By John M. Kennedy
Introduction
Different people code different types of software. Therefore, software security issues stem from much of the same humans traits that code them in the first place. We can state that software is like people, you can find all kinds of them, in everywhere at anytime. In this era of hacktivism and cyberterrorism, it seems that crackers, cyberpunks or black-hat and grey-hat hackers have been able to translate the mightiest worst from humanity into computing. They use “deadly” routines or sets of attacking instructions to cause havoc or commit crimes for fun and profit and not necessarily done in that order. Therefore, I am telling you, the “Scarface’s tale” is nothing when comparing it to the nightmarish realities of the software security threats, risks and vulnerabilities, that I am presenting in the following pages. Notwithstanding, and for the last time, I am warning the reader, á la Jack Nicholson, especially when he characterized the Coronel Jessep, in the film, “A Few Good Men” (1992), perhaps “You can’t handle the truth!” Incidentally, for those who study software security, there should be a banner to warn them about it too, something like the inscription that Dante, in his “Divine Comedy”, told us that he found, when he was invited to enter the his mere self into hell, at the top of its doors: “Abandon hope all ye who enter here”. No wonder anymore why programmers have used, all along, names like Daemons (not precisely the Terminate and State Residents or TSRs or MS DOS environment.) and SATAN, to label their programs. Whatever, the danger might be or seem to be, as the “Man of Mancha” would have sang while crossing the borders of devilish domains, I shall encourage you to enter and while singing with me: “ …. to fight for the right without question or pause, to be willing to march into hell for a heavenly cause! … And this is exactly our jobs and the whole reason why the information systems security teams have been created. To do the right thing, to protect the most valuable asset therein in Plow of the Sea, Inc, i.e., its information. (Fitzgerald, M. 2001)
Network Security the level or Risk of Software
As a whole the level of risk that software represents is extremely high for GCI’s eCommerce venture. Azaris (2003) explains that network security software is vital for network users, information Technology [IT] professionals, and network security specialists (p. 1), hence the researcher implies its importance and ubiquity in our lives. Software is what makes hardware to process data in useful information; embeds the rules of communication or protocols; likely, it is used to commit all kind of malicious attacks, and software is what has made many people richer than the Sultans of Brunei. Therefore, let us immerse in the subject …

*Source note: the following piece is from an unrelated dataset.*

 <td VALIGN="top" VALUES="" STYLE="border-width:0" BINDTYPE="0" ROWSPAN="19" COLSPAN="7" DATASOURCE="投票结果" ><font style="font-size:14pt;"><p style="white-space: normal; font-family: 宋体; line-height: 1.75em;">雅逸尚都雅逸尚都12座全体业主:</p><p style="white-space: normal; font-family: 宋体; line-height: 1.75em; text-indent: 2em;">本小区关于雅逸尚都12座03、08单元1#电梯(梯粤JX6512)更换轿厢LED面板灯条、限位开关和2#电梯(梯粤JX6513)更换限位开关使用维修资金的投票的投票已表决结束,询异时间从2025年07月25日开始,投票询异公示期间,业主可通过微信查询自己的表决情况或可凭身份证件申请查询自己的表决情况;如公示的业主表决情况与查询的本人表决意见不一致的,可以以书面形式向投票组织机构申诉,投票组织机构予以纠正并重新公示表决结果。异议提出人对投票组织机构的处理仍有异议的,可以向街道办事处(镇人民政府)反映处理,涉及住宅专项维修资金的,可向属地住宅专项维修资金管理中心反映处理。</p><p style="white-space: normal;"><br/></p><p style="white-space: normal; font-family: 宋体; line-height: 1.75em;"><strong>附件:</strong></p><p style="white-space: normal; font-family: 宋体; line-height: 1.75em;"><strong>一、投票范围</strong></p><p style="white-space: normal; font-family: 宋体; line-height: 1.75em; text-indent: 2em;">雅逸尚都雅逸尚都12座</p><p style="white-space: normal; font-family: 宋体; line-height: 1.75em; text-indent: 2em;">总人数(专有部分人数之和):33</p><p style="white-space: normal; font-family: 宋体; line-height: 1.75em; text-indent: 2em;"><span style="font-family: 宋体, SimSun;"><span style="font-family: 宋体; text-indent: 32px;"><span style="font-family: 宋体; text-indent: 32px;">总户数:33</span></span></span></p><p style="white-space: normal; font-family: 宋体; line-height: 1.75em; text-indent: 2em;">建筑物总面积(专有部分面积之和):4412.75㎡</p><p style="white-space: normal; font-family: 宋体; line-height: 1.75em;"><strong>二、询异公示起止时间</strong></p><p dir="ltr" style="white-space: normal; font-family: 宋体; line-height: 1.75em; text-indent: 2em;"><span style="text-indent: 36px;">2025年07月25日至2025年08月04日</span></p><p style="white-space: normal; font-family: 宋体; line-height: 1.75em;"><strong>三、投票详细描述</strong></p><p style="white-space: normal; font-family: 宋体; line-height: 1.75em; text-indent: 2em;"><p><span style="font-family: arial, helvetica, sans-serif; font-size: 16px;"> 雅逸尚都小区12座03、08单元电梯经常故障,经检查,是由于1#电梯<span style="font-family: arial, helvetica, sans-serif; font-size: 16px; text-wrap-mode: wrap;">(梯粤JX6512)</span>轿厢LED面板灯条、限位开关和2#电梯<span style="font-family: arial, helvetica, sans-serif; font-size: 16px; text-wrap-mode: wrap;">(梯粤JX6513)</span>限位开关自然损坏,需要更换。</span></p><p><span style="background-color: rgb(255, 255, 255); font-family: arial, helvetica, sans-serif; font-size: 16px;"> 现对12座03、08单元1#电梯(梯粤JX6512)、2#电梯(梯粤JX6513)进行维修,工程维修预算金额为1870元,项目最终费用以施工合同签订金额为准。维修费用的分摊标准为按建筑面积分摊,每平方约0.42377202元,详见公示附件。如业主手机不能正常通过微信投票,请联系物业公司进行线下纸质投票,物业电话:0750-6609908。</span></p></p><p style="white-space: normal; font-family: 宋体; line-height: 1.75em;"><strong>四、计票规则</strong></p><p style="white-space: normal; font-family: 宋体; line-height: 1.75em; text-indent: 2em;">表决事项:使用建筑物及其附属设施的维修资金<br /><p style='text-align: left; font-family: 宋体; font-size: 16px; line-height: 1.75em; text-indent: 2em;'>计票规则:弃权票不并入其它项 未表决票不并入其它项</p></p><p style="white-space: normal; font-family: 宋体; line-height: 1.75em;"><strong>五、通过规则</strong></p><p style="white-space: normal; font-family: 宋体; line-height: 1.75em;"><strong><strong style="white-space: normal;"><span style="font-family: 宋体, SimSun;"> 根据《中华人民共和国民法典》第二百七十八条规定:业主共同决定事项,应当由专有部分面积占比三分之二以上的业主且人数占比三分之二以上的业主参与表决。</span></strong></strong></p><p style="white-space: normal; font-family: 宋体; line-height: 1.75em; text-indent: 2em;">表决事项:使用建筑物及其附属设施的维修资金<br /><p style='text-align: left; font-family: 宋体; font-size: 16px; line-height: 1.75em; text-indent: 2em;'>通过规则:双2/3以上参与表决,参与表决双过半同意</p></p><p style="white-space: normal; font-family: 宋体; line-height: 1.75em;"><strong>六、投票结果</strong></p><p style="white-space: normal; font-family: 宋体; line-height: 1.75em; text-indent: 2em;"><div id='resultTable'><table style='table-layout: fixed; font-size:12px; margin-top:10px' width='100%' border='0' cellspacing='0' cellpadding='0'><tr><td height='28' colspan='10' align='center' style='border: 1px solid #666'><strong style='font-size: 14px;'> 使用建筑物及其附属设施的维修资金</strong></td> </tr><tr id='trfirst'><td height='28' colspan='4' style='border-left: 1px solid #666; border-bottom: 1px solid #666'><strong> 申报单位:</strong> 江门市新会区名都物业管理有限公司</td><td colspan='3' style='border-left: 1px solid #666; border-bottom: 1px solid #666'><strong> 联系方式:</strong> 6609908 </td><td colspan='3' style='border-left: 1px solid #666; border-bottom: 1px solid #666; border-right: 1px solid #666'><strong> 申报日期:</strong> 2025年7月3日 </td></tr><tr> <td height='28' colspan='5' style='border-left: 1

Bruce Scheneier (2007), the creator of Blowfish, an algorithm used for encryption, stated that information security is costing millions of dollars mainly because the software is insecure, due to bad design, poor feature implementation, security vulnerabilities and/or lack of adequate testing (p. 1). Well, as we know software permeates almost everything nowadays, what is software; it is so intangible and only is measurable perhaps by the amount of lines of code put together to do something. How exactly we put these lines of code logically together so the machine [CPU –Central Processor Unit and then the system] can work by following these commands determines the speed, utility and the versatility of the programs. Yes by all means, software are programs; as a program, software can be as small as one routine with a “laconic” set of instructions whose only purpose could be only to print one or more times the sentence “hello World” at the standard output stream device or screen or monitor. For instance, in C language the screen was called stdout and by default the stream was outputted to the terminal (you can redirect the output as well by the Shell’s Command Line Interface CLI ), and software can be very complex as an Operating Systems Like UNIX or Linux, whose kernels consists of several millions of lines of code or instructions. These lines of code are what programmers called the source code. For instance, the total number of the Source Lines of Code [SLOC], for the Linux kernel version 2.6, has been calculated as more than four million (exactly 4,287,449) (Wheeler, 2004) very complex software. It is a matter of fact, software can be so “effluvious” and “ethereal” that can be “loaded” in the most subtle and thinnest of devices, like the RFID, which in spite of many experts written about they have found flaws and vulnerabilities, people are using more and more to track almost everything, for instance, some of these transponders, are specified by the standards ISO-11785 and ISO-11784 for Radio-frequency identification, aka FDX-B. The code by itself is software “running” or “saving and responding” data in 128 bits devices, 64 bits of which it is utilized only for the Identification or ID information tracking system purpose.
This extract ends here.